§ Task description: Full transcription, minus images: write out the listing below exactly as it appears.

§ Stored data:
--- START ---
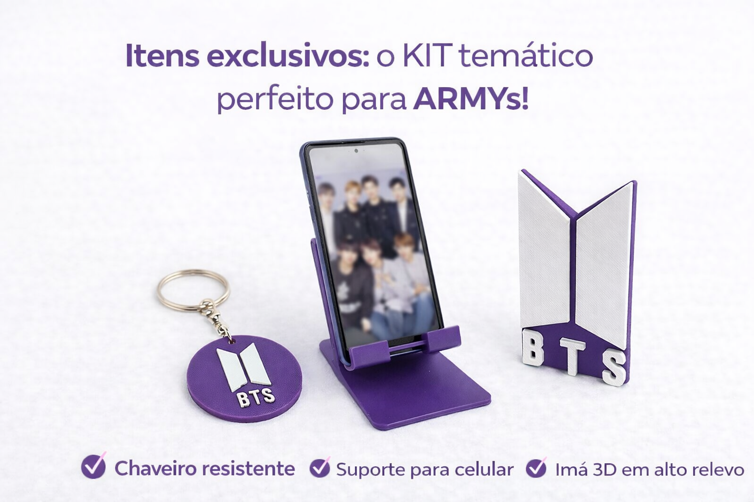 O kit reúne 3 produtos BTS, todos com design harmonizado na cor roxa e acabamento de qualidade, ideais para decorar, presentear ou colecionar.
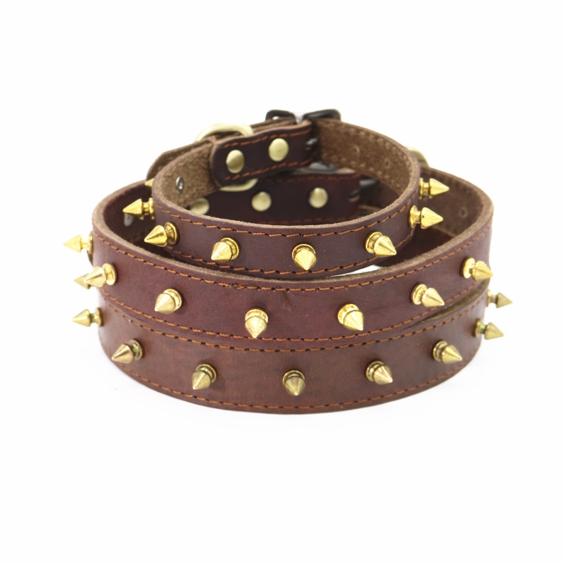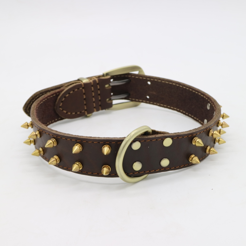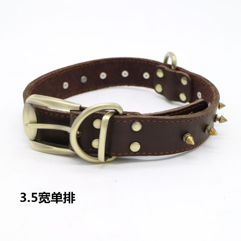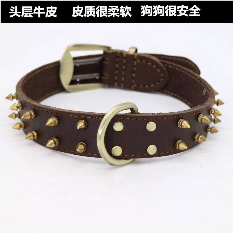 First layer cowhide dog collar large dog anti-bite spiked dog chain medium dog small golden retriever collar Samoyed collar
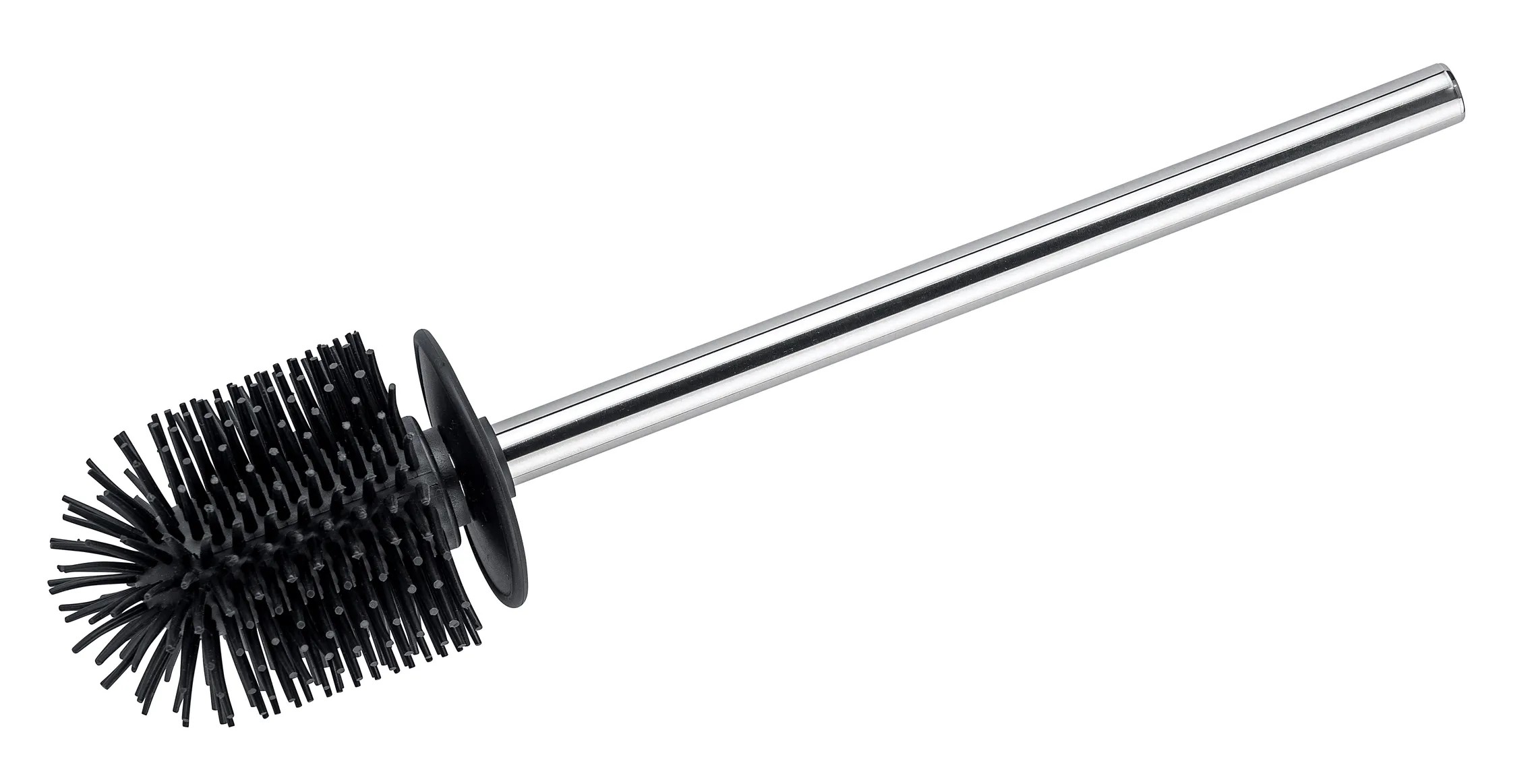 Ez a WC kefe a WC-készlet ideális cserekeféje. A kiváló minőségű fekete kefefej szilikonból készül. A speciális tapadásgátló hatás gondoskodik arról, hogy a makacs maradványok és WC-papír ne ragadhasson a kefébe, hanem az öblítés egyszerűen lemossa őket. Így ez az okos kefe mindig higiénikus és tiszta marad, önmagát tisztítja. Ezzel a praktikus WC-kefével alaposan megtisztítható a WC. Strapabíró és ruga lmas sörtéi révén megbízhatóan használható. A nyél fényes rozsdamentes acélból készült. Ezenkívül a hatékony, fekete, 7,5 cm átmérőjű kefefej cserélhető. A beépített műanyag fedél véd a bepillantástól, ha nyitott WC-készlettel használják.
--- END ---
§ Output of the task:
 O kit reúne 3 produtos BTS, todos com design harmonizado na cor roxa e acabamento de qualidade, ideais para decorar, presentear ou colecionar.
 First layer cowhide dog collar large dog anti-bite spiked dog chain medium dog small golden retriever collar Samoyed collar
 Ez a WC kefe a WC-készlet ideális cserekeféje. A kiváló minőségű fekete kefefej szilikonból készül. A speciális tapadásgátló hatás gondoskodik arról, hogy a makacs maradványok és WC-papír ne ragadhasson a kefébe, hanem az öblítés egyszerűen lemossa őket. Így ez az okos kefe mindig higiénikus és tiszta marad, önmagát tisztítja. Ezzel a praktikus WC-kefével alaposan megtisztítható a WC. Strapabíró és ruga lmas sörtéi révén megbízhatóan használható. A nyél fényes rozsdamentes acélból készült. Ezenkívül a hatékony, fekete, 7,5 cm átmérőjű kefefej cserélhető. A beépített műanyag fedél véd a bepillantástól, ha nyitott WC-készlettel használják.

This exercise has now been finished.